- Instructions to follow: In the entries below, find the line with "近一年中國其他合成樹脂順逆差及進口均價統計圖" and the line with "Experience the future". Repeat exactly everything between them, those two lines included, but not the pictures.

- Records to process:
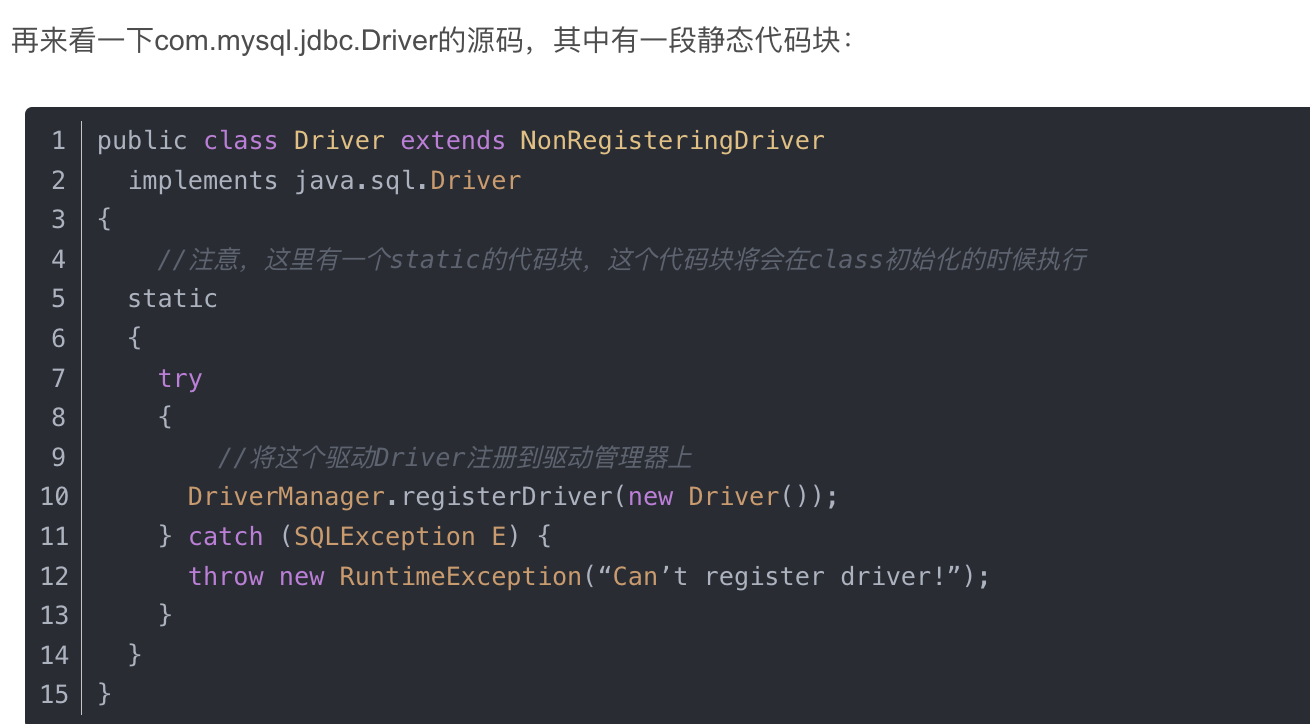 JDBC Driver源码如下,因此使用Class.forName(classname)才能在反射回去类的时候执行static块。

...

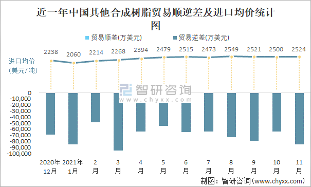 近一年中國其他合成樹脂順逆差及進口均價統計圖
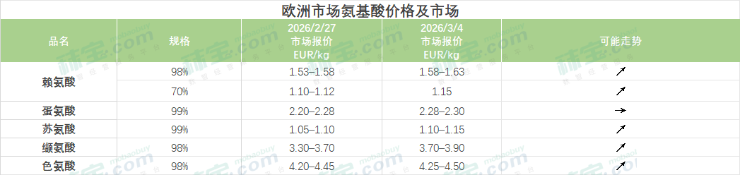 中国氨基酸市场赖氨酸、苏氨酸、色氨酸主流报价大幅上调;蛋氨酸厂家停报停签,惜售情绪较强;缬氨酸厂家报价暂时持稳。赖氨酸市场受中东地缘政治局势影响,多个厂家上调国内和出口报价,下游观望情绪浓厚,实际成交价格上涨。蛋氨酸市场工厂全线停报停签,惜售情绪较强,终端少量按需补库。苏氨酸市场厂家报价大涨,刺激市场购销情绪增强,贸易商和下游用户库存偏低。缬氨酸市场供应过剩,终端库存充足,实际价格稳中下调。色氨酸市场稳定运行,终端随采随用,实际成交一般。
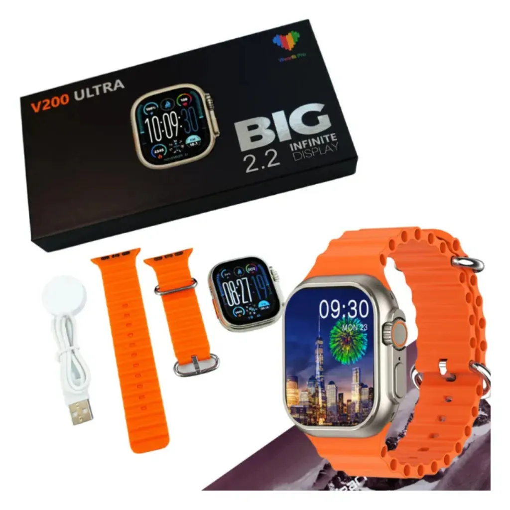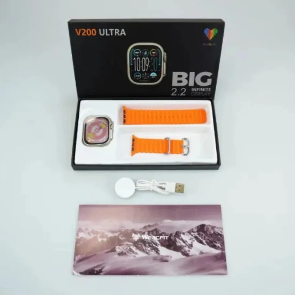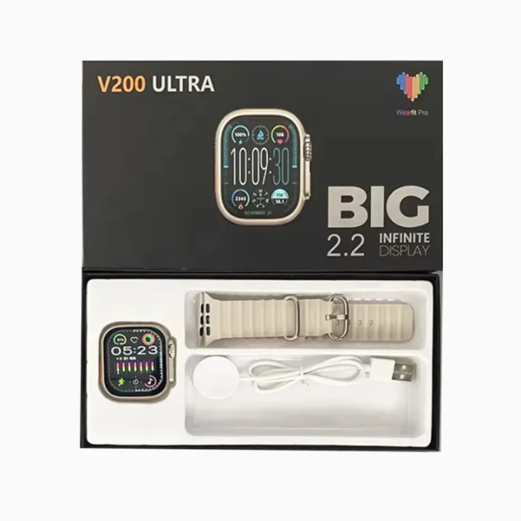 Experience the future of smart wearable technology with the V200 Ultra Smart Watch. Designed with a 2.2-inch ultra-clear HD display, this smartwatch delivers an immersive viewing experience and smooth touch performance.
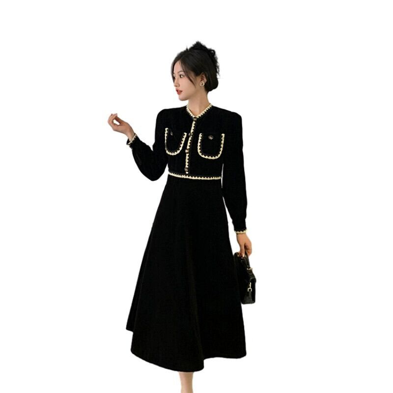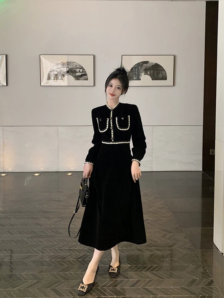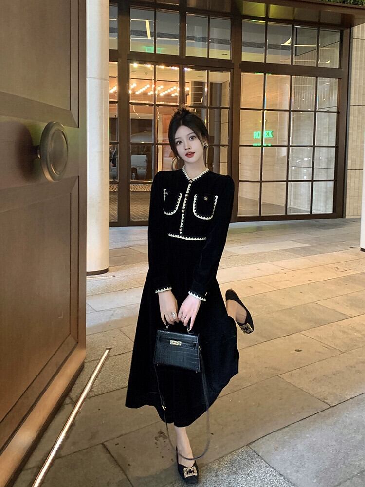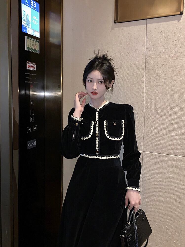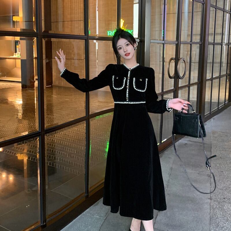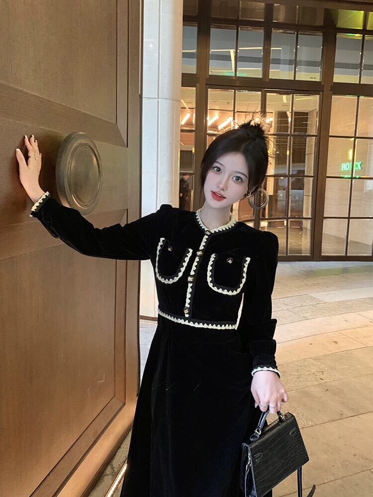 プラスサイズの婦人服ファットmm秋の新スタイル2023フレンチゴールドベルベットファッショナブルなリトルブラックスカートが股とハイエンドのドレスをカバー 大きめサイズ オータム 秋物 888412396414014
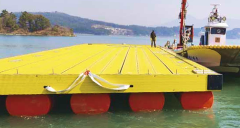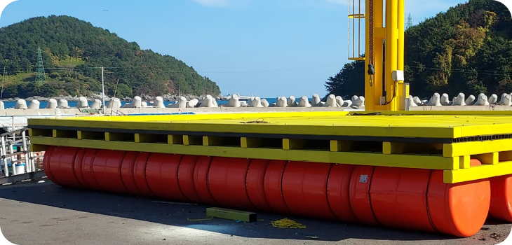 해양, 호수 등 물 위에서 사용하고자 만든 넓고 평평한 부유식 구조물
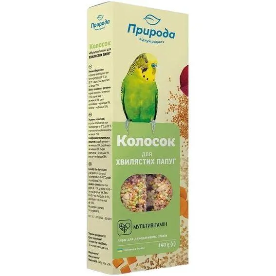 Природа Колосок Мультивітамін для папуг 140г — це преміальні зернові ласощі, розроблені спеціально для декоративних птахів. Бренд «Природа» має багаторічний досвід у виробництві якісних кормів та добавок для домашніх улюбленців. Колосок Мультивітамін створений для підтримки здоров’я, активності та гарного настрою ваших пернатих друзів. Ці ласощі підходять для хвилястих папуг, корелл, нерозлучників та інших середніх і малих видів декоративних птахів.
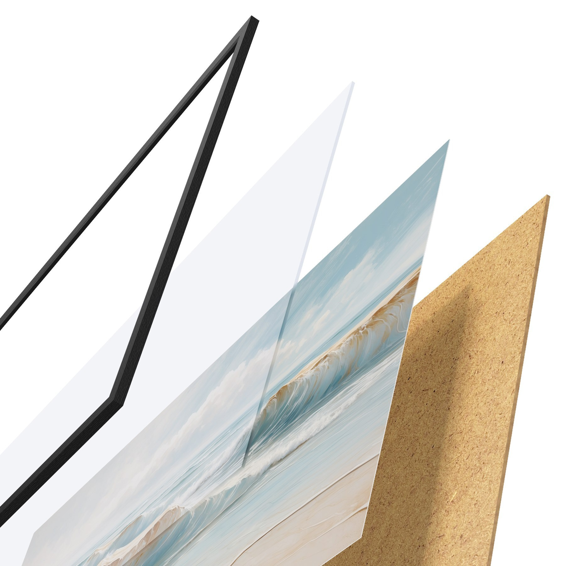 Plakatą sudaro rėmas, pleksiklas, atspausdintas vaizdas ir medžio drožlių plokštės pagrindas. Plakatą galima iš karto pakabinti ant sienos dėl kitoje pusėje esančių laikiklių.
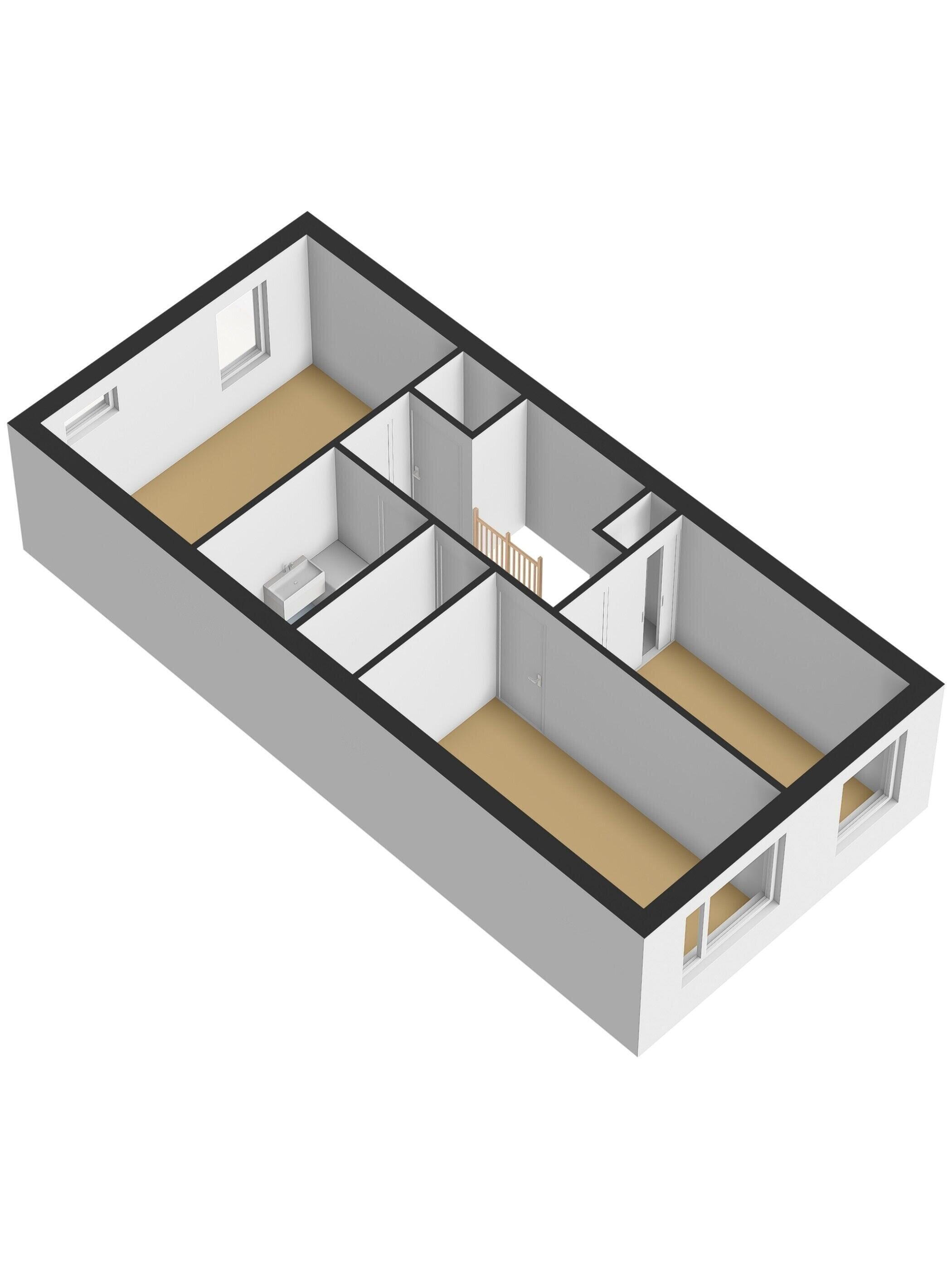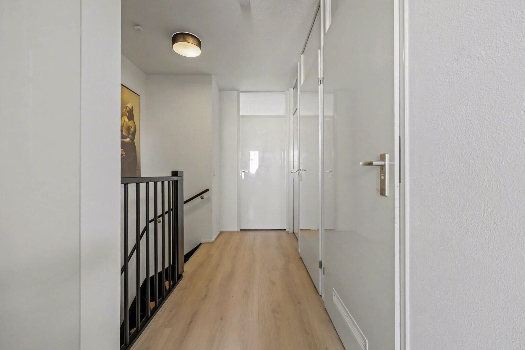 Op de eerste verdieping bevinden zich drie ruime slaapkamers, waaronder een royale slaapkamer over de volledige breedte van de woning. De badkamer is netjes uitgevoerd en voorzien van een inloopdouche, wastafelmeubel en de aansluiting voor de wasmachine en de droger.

- Written answer:
 近一年中國其他合成樹脂順逆差及進口均價統計圖
 中国氨基酸市场赖氨酸、苏氨酸、色氨酸主流报价大幅上调;蛋氨酸厂家停报停签,惜售情绪较强;缬氨酸厂家报价暂时持稳。赖氨酸市场受中东地缘政治局势影响,多个厂家上调国内和出口报价,下游观望情绪浓厚,实际成交价格上涨。蛋氨酸市场工厂全线停报停签,惜售情绪较强,终端少量按需补库。苏氨酸市场厂家报价大涨,刺激市场购销情绪增强,贸易商和下游用户库存偏低。缬氨酸市场供应过剩,终端库存充足,实际价格稳中下调。色氨酸市场稳定运行,终端随采随用,实际成交一般。
 Experience the future of smart wearable technology with the V200 Ultra Smart Watch. Designed with a 2.2-inch ultra-clear HD display, this smartwatch delivers an immersive viewing experience and smooth touch performance.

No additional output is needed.